Then I define my model, which I am going to tune all of the hyperparameters in an xgboost model later.

Code

xg_mod <-   boost_tree(
  trees = tune(), 
  learn_rate = tune(),
  tree_depth = tune(), 
  min_n = tune(),
  loss_reduction = tune(), 
  sample_size = tune(), 
  mtry = tune(), 
  ) %>% 
  set_mode("classification") %>% 
  set_engine("xgboost", nthread = cores)

With a recipe and a model definition, I can create a workflow, which will now handle a whole lot of chores for me.

Code

bracket_wflow <- 
  workflow() %>% 
  add_model(xg_mod) %>% 
  add_recipe(xg_rec)

To tune my hyperparameters, I am going to use a Latin Hypercube, which is a method for generating near-random samples of paremeters to try.

Code

xgb_grid <- grid_latin_hypercube(
  trees(),
  tree_depth(),
  min_n(),
  loss_reduction(),
  sample_size = sample_prop(),
  finalize(mtry(), bracket_train),
  learn_rate(),
  size = 30
)

To test these hyperparemeters, I am going to make some cross-fold valiations samples that we can use.

Code

bracket_folds <- vfold_cv(bracket_train)

And now comes the part that makes my laptop fan turn into a jet engine.

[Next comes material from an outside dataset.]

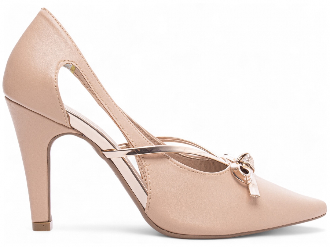 Palmilha: 8 mm de Espessura, Espuma em EVA, Revestida em Metalizado Speechio Rosê e Taloneira Napa Bege

The next block uses parallel processing to try the 30 samples from the Latin Hypercube and tests it against my cross fold validation samples. It … takes a while.

Code

doParallel::registerDoParallel(cores = cores)

xgb_res <- tune_grid(
  bracket_wflow,
  resamples = bracket_folds,
  grid = xgb_grid,
  control = control_grid(save_pred = TRUE)
)

doParallel::stopImplicitCluster()

But out of it, we get the best combination of hyperparameters to use as inputs into our model. I’m going to use area under the curve as my evaluation metric to determine what is best.

Code

best_roc <- select_best(xgb_res, "roc_auc")

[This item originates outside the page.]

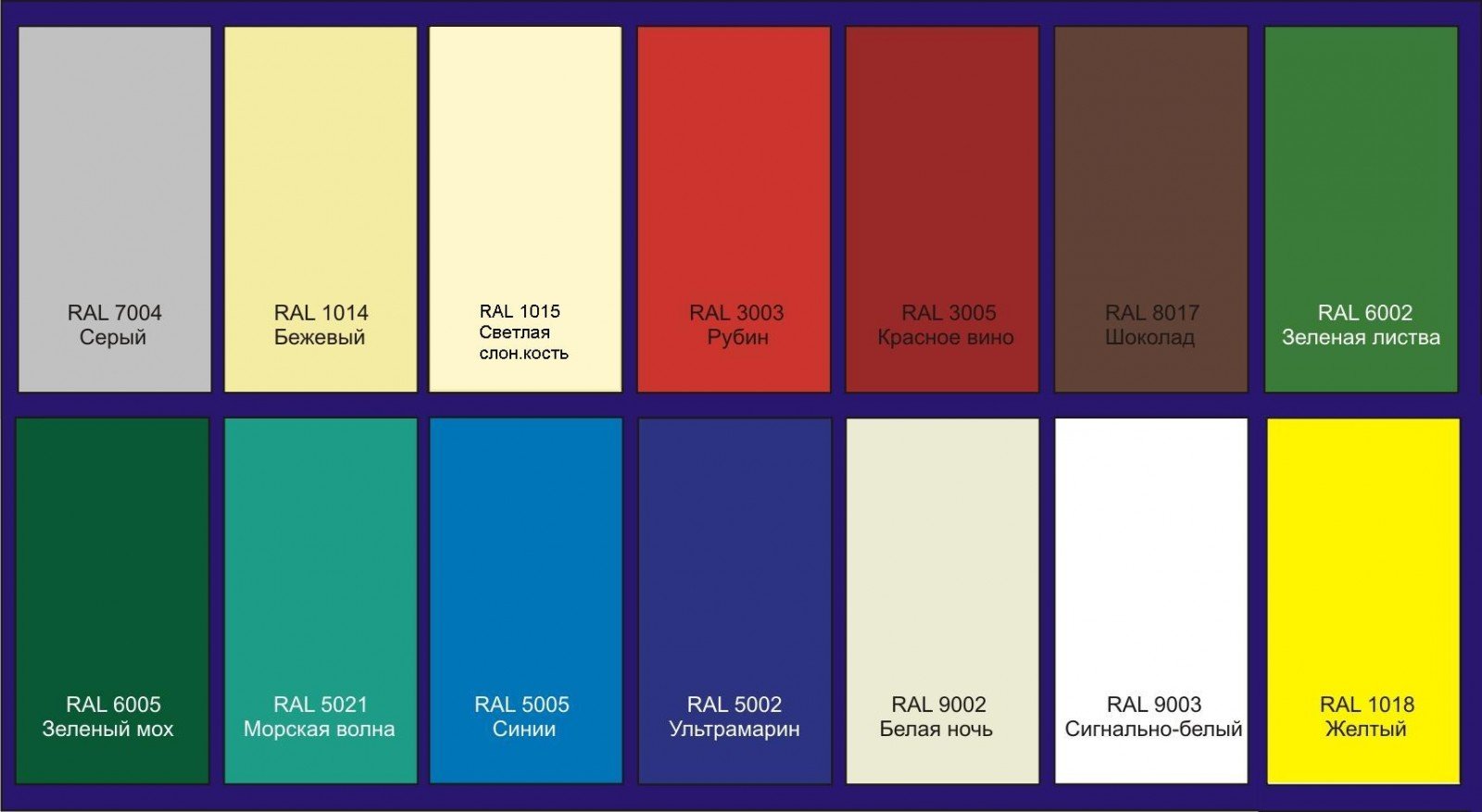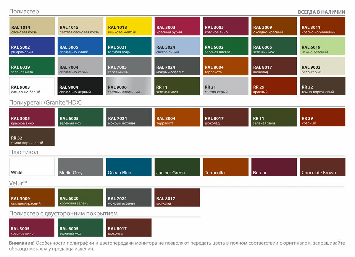 Цвета профлиста по рал

And I can now feed that into my final workflow.

Code

final_xgb <- finalize_workflow(
  bracket_wflow,
  best_roc
)

And I can now train a model to use on bracket games.

Code

xg_fit <- 
  final_xgb %>% 
  fit(data = bracket_train)

Evaluating the model

So how does this model do?

Code

trainresults <- bracket_train %>%
  bind_cols(predict(xg_fit, bracket_train))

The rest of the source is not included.